Here's a secret. It's not as easy for me now to write Charlie as it was in the beginning and the problem was the film of that first Charlie Muffin book. David Hemmings brilliantly played the part. I met him for the first time on set, when a gambling club scene was being shot. Between takes he came over to me, clad in scruffy suit and down-at-heel Hush Puppies ( it's the feet problem) and said: 'Here I am. I'm Charlie Muffin.'

Which he was. Up until that moment I knew how Charlie Muffin thought and how he'd react and what he physically looked like. But I didn't have his facial features. But from then on I did and it's always David Hemmings' face I see when I'm writing, not my blank-canvassed Charlie.

Could it be jealousy? A lot of people have asked me over the years if I based Charlie on any of the real life spies whom I've encountered. The answer's no, although I've taken mannerisms and behavior from them. My wife, Maureen, insists that I'm Charlie Muffin and that the books are autobiographical. Which means I'm a devious, amoral, determined, stop-at-nothing survivor who drinks too much and gambles too hard. It isn't true. Honest.

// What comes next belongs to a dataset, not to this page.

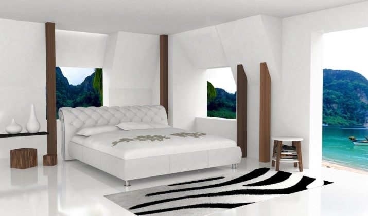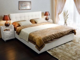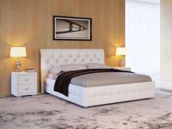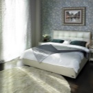 - Стилно двойно легло с високо и меко табла не затрупва пространството на стаята, но я прави стилна и елитна. Това легло се вписва идеално във всеки стил на спалнята. Също така ще бъде идеален за спалня с малка площ, защото повдигащият механизъм осигурява допълнително място за съхранение, а белият цвят само подчертава неговата изтънченост.
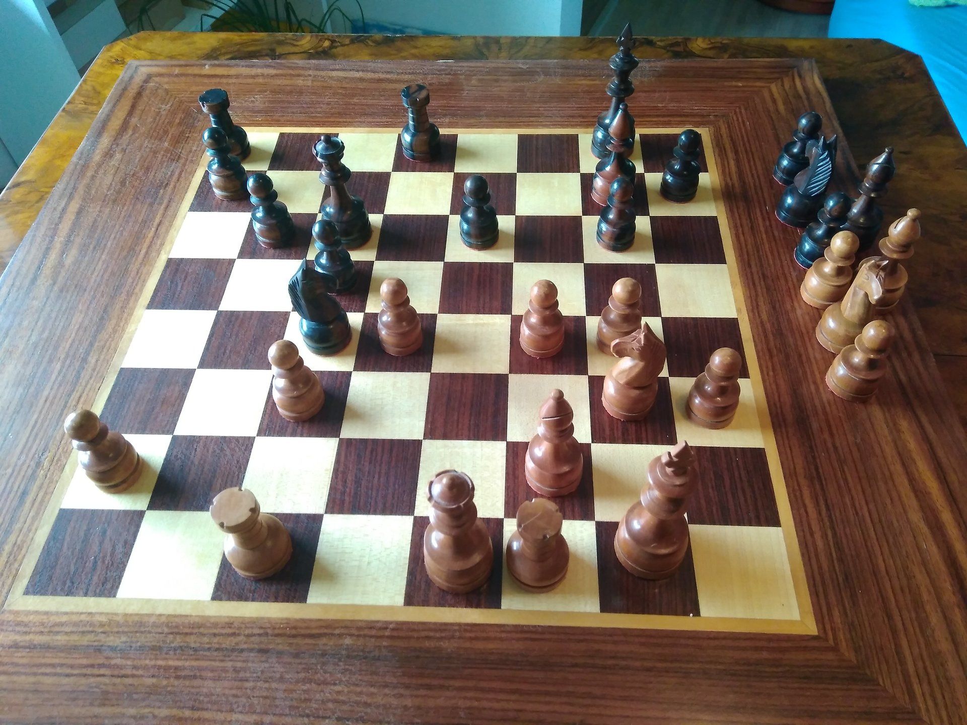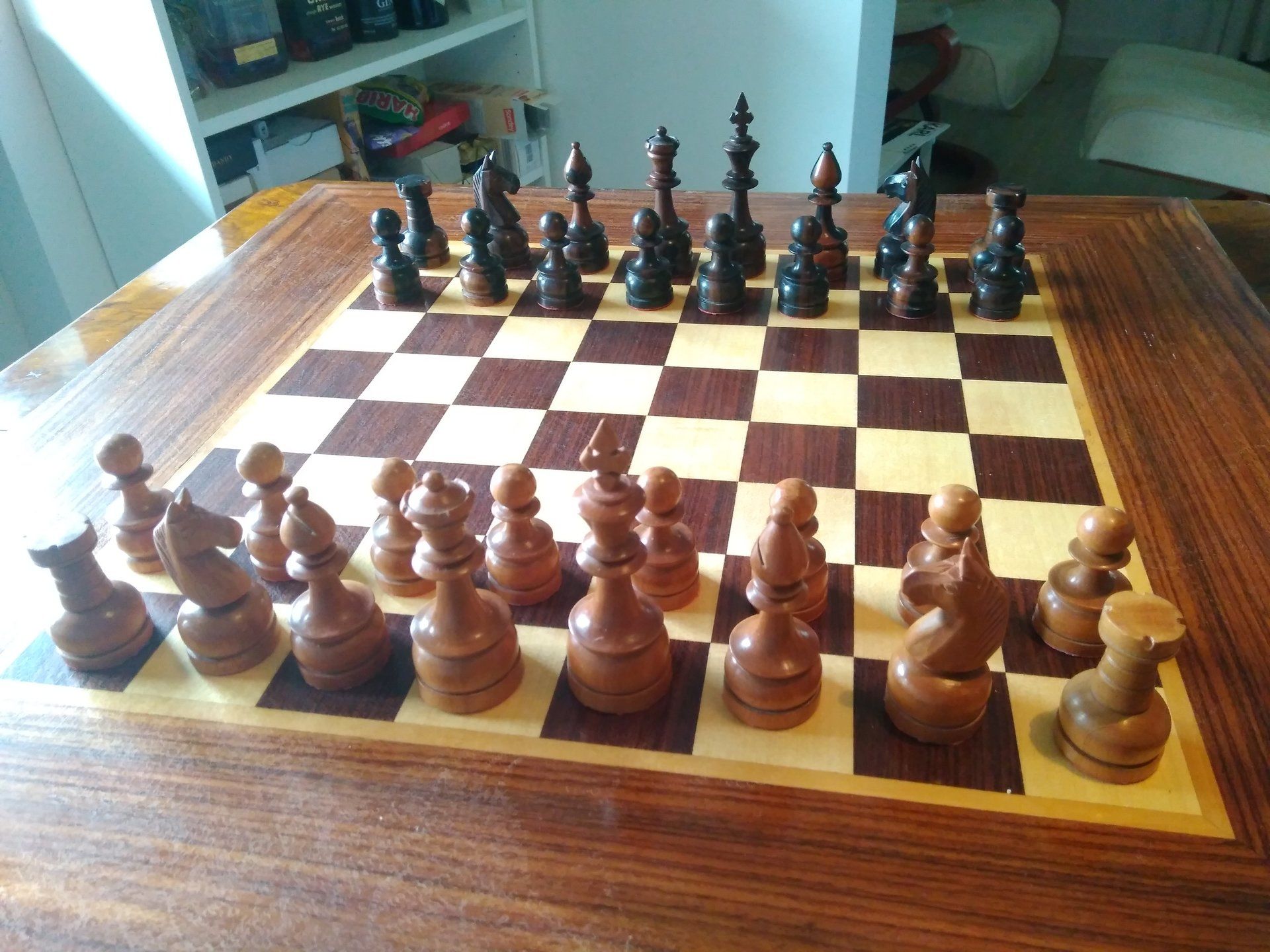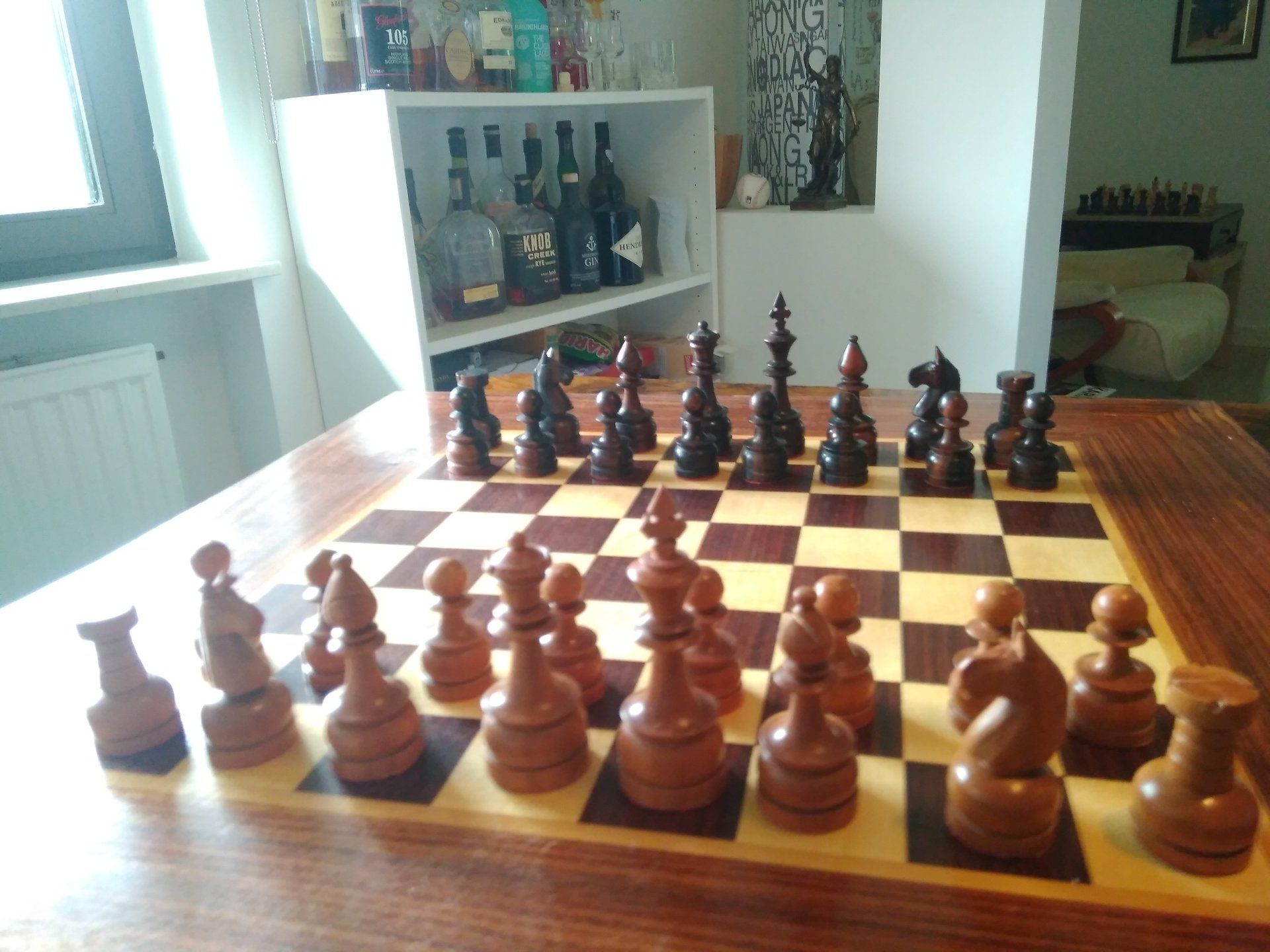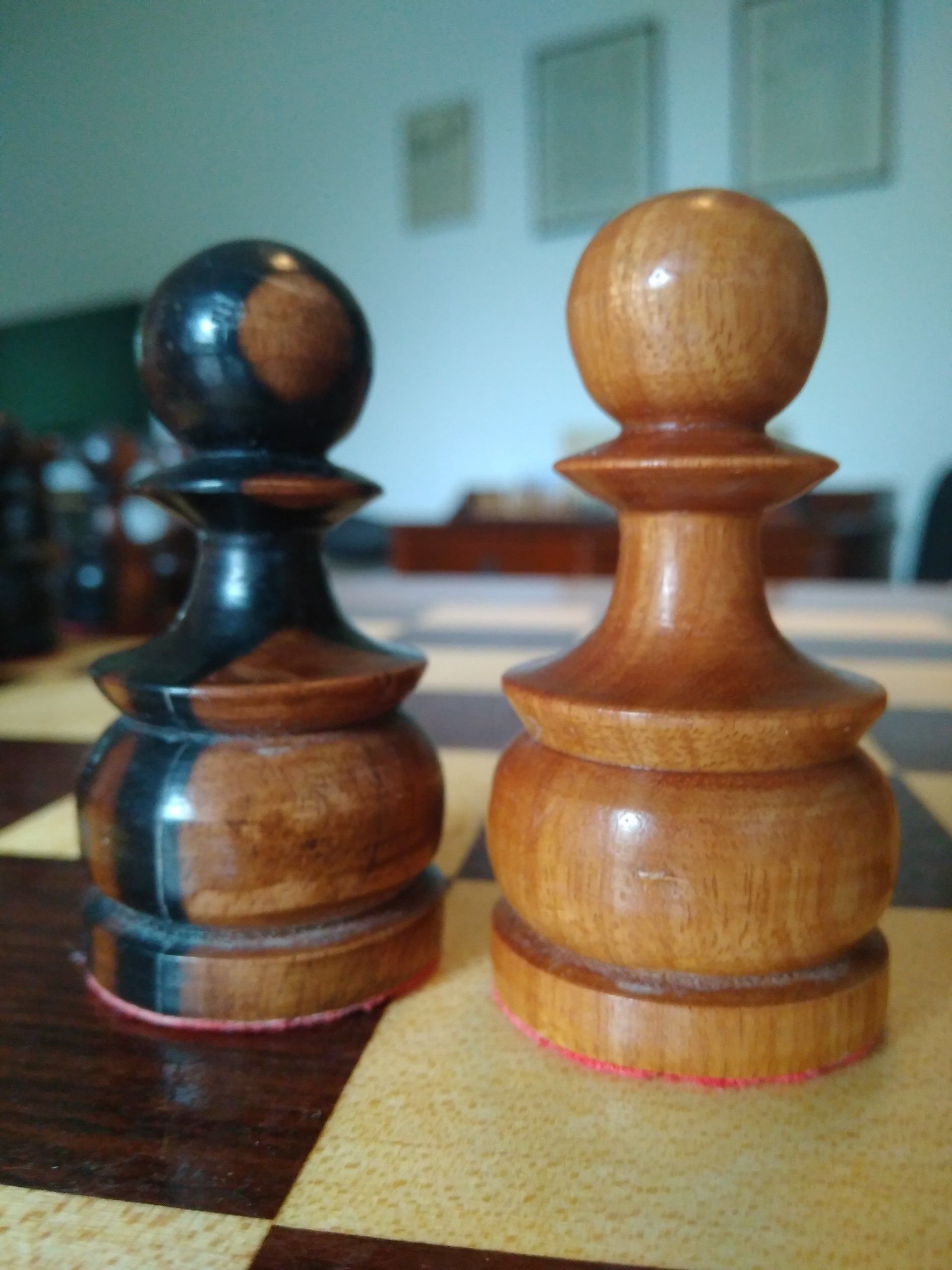 Unlike my other Philippine Staunton sets, this one is most likely a pre-WWII version. According to the seller, the set was made in the 1940's. There are two characteristics, which support this assumption. The Rooks have straight bases compared to the post-WWII design, which usually had curved bases. The Knights are more elaborately carved than later versions, which can be seen when comparing this set to my later sets, e.g.

Here's another secret. It really is all in the name. My father became terminally ill after a career aboard the original Cunard liner Queen Mary and Queen Elizabeth. During the filming of Charlie Muffin I tried to ease his discomfort by telling him he was instrumental in my writing the book and giving me the name of Charlie Muffin, his shipmate about whom he was always talking, as my lead character.

'Who? demanded my father.

'Your best friend, Charlie Muffin.'

'You bloody fool,' said my father. 'His name wasns't Charlie Muffin. It was Charlie Mutton.'

Which would never have worked, like Charlie Muffin did, would it?"